Interpretation of an Auto SARIMAX model output in R

The model we run is this

library(forecast)
library(ggplot2)

# Create sample data
set.seed(123)
n <- 120
time <- 1:n

# Main time series with trend + seasonality
y <- 50 + 0.3*time + 10*sin(2*pi*time/12) + rnorm(n, 0, 5)

# External variable (e.g., marketing spend)
x1 <- 20 + 0.1*time + rnorm(n, 0, 3)

# Convert to time series object
y_ts <- ts(y, frequency = 12)
x1_ts <- ts(x1, frequency = 12)

# Let R find optimal parameters
sarimax_model <- auto.arima(y_ts,
                            seasonal = TRUE,
                            stepwise = TRUE,
                            approximation = TRUE,
                            xreg = x1_ts)
summary(sarimax_model)

Now the output we get is

Interpretation

Here’s a comprehensive interpretation of our SARIMAX model output:

Model Structure

SARIMAX(2,0,1)(2,1,1)[12] with external regressor

• Non-seasonal part: AR(2) + MA(1)
• Seasonal part: Seasonal AR(2) + Seasonal MA(1) with seasonal differencing (D=1)
• Seasonality: 12 months (monthly data)
• External regressor: One predictor variable (xreg)

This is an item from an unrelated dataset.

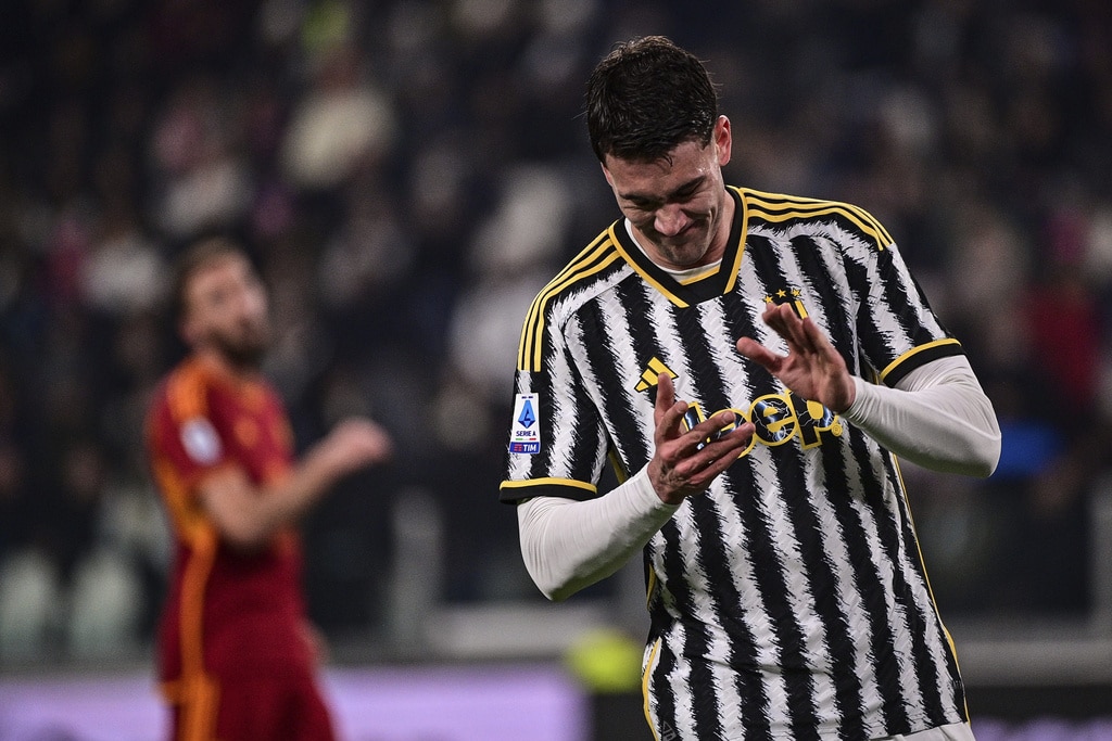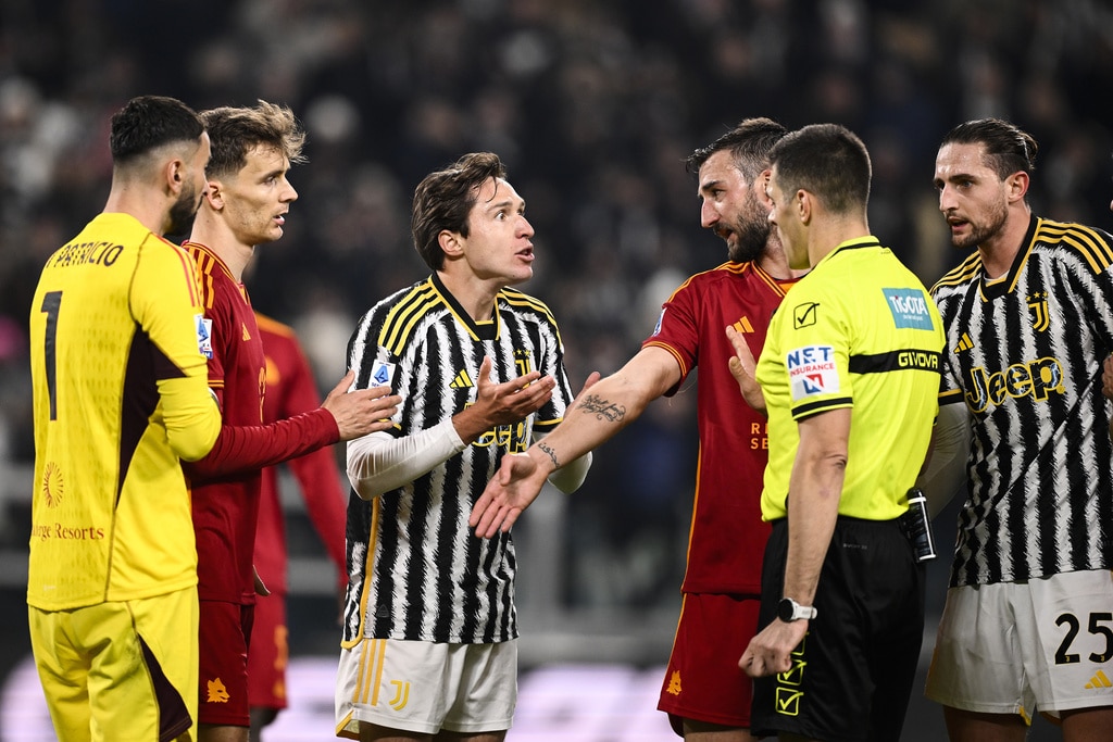 Juventus’ Weston McKennie, left, and Roma’s Nicola Zalewski battle for the ball during the Italian serie A soccer match between Juventus and Roma at the Allianz Stadium in Turin, Italy. Saturday, Dec. 30, 2023. (Marco Alpozzi/LaPresse via AP)Juventus players celebrate on the field at the end of the Italian Serie A soccer match between Juventus and Roma at the Allianz Stadium in Turin, Italy, Saturday, Dec. 30, 2023. (Marco Alpozzi/LaPresse via AP)Juventus’ Federico Chiesa, center, argues on the field with referee Sozza Simone, second from right, during the Italian Serie A soccer match between Juventus and Roma at the Allianz Stadium in Turin, Italy, Saturday, Dec. 30, 2023. (Fabio Ferrari/LaPresse via AP)Juventus’ Weston McKennie reacts on the field during the Italian Serie A soccer match between Juventus and Roma at the Allianz Stadium in Turin, Italy, Saturday, Dec. 30, 2023. (Fabio Ferrari/LaPresse via AP)Juventus’s Filip Kostic, top, and Roma’s Rasmus Kristensen battle for the ball during the Italian Serie A soccer match between Juventus and Roma at the Allianz Stadium in Turin, Italy, Saturday, Dec. 30, 2023. (Fabio Ferrari/LaPresse via AP)Juventus players celebrate the team’s goal during the Italian Serie A soccer match between Juventus and Roma at the Allianz Stadium in Turin, Italy, Saturday, Dec. 30, 2023. (Fabio Ferrari/LaPresse via AP)Juventus’ Kenan Yildiz, right, and Roma’s Gianluca Mancini battle for the ball during the Italian serie A soccer match between Juventus and Roma at the Allianz Stadium in Turin, Italy. Saturday, Dec. 30, 2023. (Marco Alpozzi/LaPresse via AP)Juventus’ Manuel Locatelli, right, and Roma’s Paulo Dybala battle for the ball during the Italian serie A soccer match between Juventus and Roma at the Allianz Stadium in Turin, Italy. Saturday, Dec. 30, 2023. (Marco Alpozzi/LaPresse via AP)Juventus’ Weston McKennie, center, and Roma’s Leandro Paredes, second right, battle for the ball during the Italian serie A soccer match between Juventus and Roma at the Allianz Stadium in Turin, Italy. Saturday, Dec. 30, 2023. (Marco Alpozzi/LaPresse via AP)Roma’s Paulo Dybala during the Italian serie A soccer match between Juventus and Roma at the Allianz Stadium in Turin, Italy. Saturday, Dec. 30, 2023. (Marco Alpozzi/LaPresse via AP)Juventus’ Dusan Vlahovic reacts after missing a scoring chance during the Italian serie A soccer match between Juventus and Roma at the Allianz Stadium in Turin, Italy. Saturday, Dec. 30, 2023. (Marco Alpozzi/LaPresse via AP)
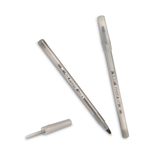 Round Stic Xtra Life Ballpoint Pen Value Pack, Stick, Medium 1 mm, Black Ink, Translucent Frost Barrel, 60/Box

Coefficients Interpretation

Non-seasonal Components:

• AR(1) = -0.75: Strong negative autoregressive effect - high values tend to be followed by low values
• AR(2) = -0.09: Weak negative second-order autoregressive effect
• MA(1) = 0.79: Strong moving average effect - shocks persist for one period

Seasonal Components (12-month cycle):

• SAR(1) = -0.19: Moderate negative seasonal autoregressive effect
• SAR(2) = 0.04: Very weak positive seasonal effect
• SMA(1) = -0.85: Strong negative seasonal moving average - seasonal shocks reverse quickly

External Effects:

• Drift = 0.26: Positive trend component (0.26 units increase per period)
• xreg = 0.30: External variable has positive effect - 1 unit increase in xreg predicts 0.30 unit increase in y

Model Quality Assessment

Statistical Significance:

• Significant coefficients: AR(1), MA(1), SMA(1), Drift (coefficient > 2× standard error)
• Borderline: xreg (2.07× SE), SAR(1) (1.08× SE)
• Insignificant: AR(2), SAR(2) (coefficient < SE)

Model Fit Statistics:

• AIC = 666.56, BIC = 690.7: Good for model comparison (lower is better)
• Log-likelihood = -324.28: Baseline for model comparison
• σ² = 21.51: Error variance

Forecast Accuracy:

• RMSE = 4.23: Average forecast error magnitude
• MAE = 3.17: Average absolute error
• MAPE = 4.72%: Excellent accuracy (error <5% of actual values)
• MASE = 0.52: Model performs 48% better than naive forecast

Key Insights & Recommendations

Strengths:

1. Excellent predictive accuracy (MAPE <5%)
2. Strong seasonal patterns captured effectively
3. Good model fit with reasonable complexity
4. External variable adds value to predictions

Concerns:

1. Over-parameterization: AR(2) and SAR(2) appear unnecessary
2. Some coefficients borderline significant

Suggested Improvement:

# Try simplified model
better_model <- Arima(y_ts, order = c(1,0,1), seasonal = c(1,1,1), xreg = xreg)

Business Interpretation:

• The time series shows strong seasonal patterns with 12-month cycles
• There’s a positive underlying trend (0.26 units/period)
• The external variable has moderate predictive power
• Model provides highly accurate forecasts with ~4.7% average error

This is generally a good quality model that should provide reliable forecasts for business planning.